For Nixon, a rift with Japan, tensions with Taiwan, and a largely symbolic and expected defeat at the UN were small prices to pay for the larger diplomatic gains and especially for the presumed domestic political windfall. The president handled the Republican right with as much care as Dobrynin, instructing Kissinger to speak personally with Goldwater and Reagan. The announcement of Nixon's visit to China won near universal praise from Americans, however, forcing even liberal Democrats to grudgingly support a policy change they had pushed and a president they despised. A trip to Beijing in February provided something "good to hit the Democrats with at primary time," Nixon crowed.
56
Indeed, with summits set for Beijing and Moscow in 1972, the administration was poised to put into place the major elements of its Grand Design and launch a triumphal presidential campaign.

IV
 

As the "Nixon shock" makes clear, the administration's focus on Vietnam and detente gave a certain tunnel-vision quality to its foreign policies.
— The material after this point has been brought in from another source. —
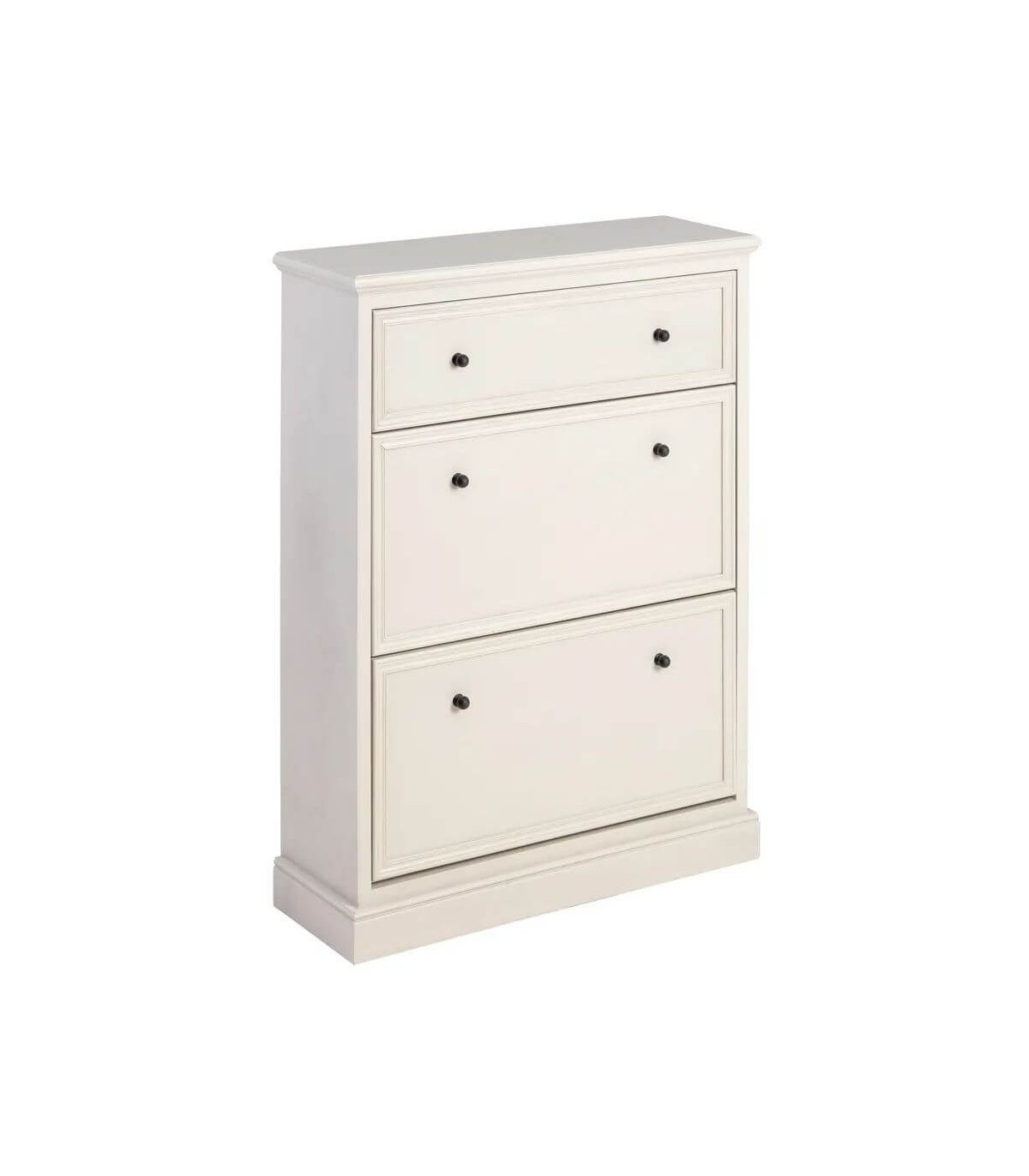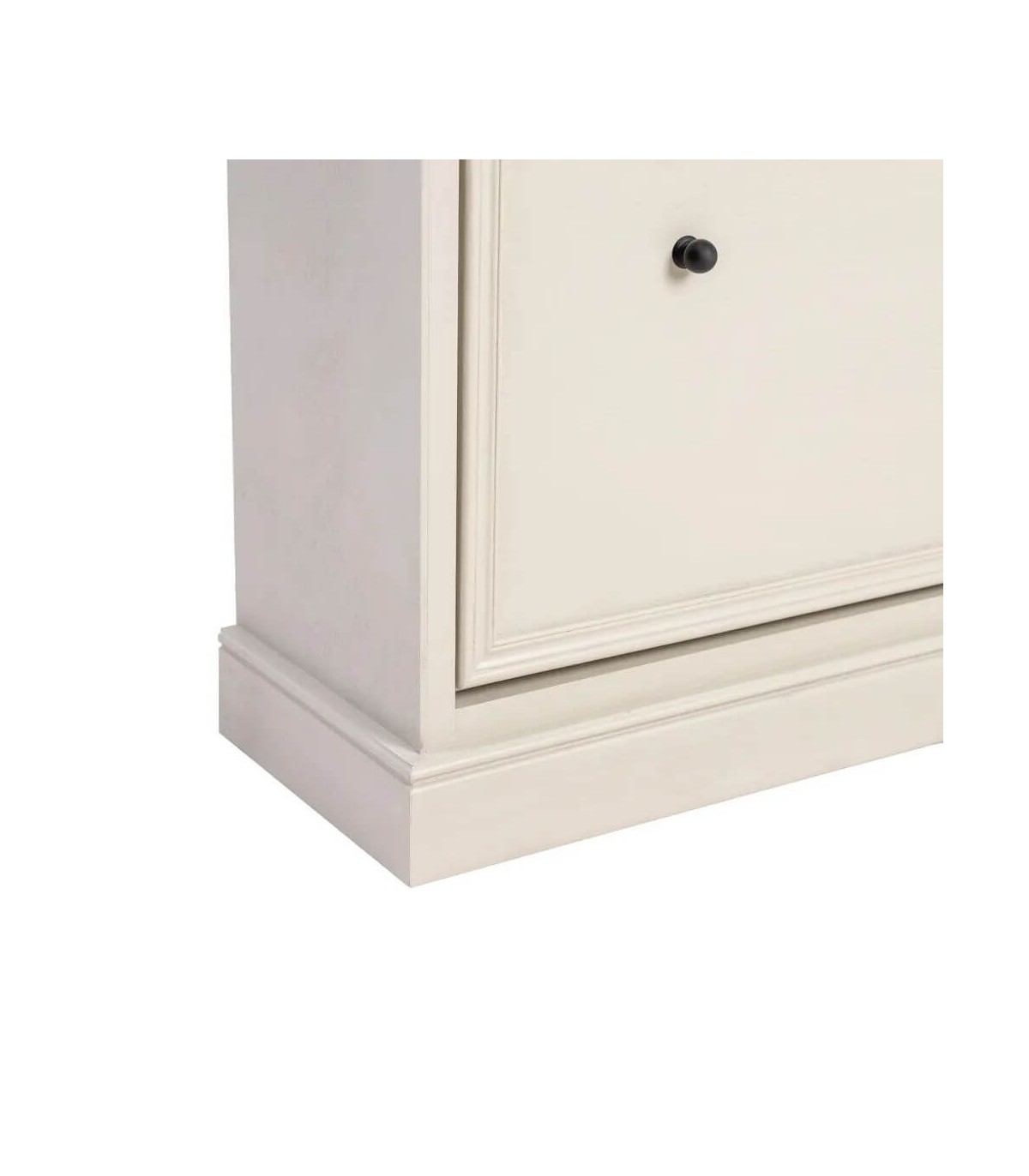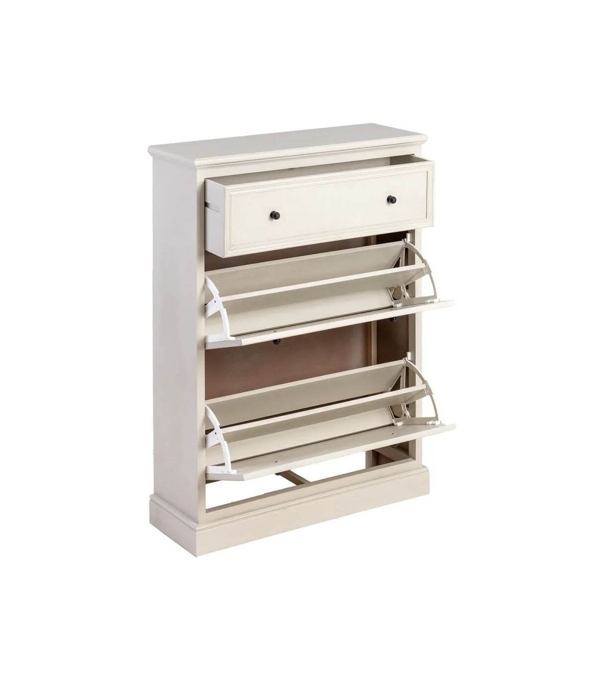 Este elegante mueble zapatero combina funcionalidad y estética en una pieza de estilo romántico con diseño limpio y sofisticado. Presenta dos puertas abatibles con gran capacidad interior y un práctico cajón superior, ideal para pequeños objetos o accesorios.

That accurately reflected Nixon and Kissinger's assessment of what was really important in the world. It also indicated their concentration of control in the White House and inability to handle all the problems that fell in the lap of the world's greatest power. Sometimes, they pursued major goals without much regard for the impact on other nations. Often, they viewed events largely in terms of their connection to superpower relations. Thus, in dealing with the rest of the world the administration achieved no better than mixed results.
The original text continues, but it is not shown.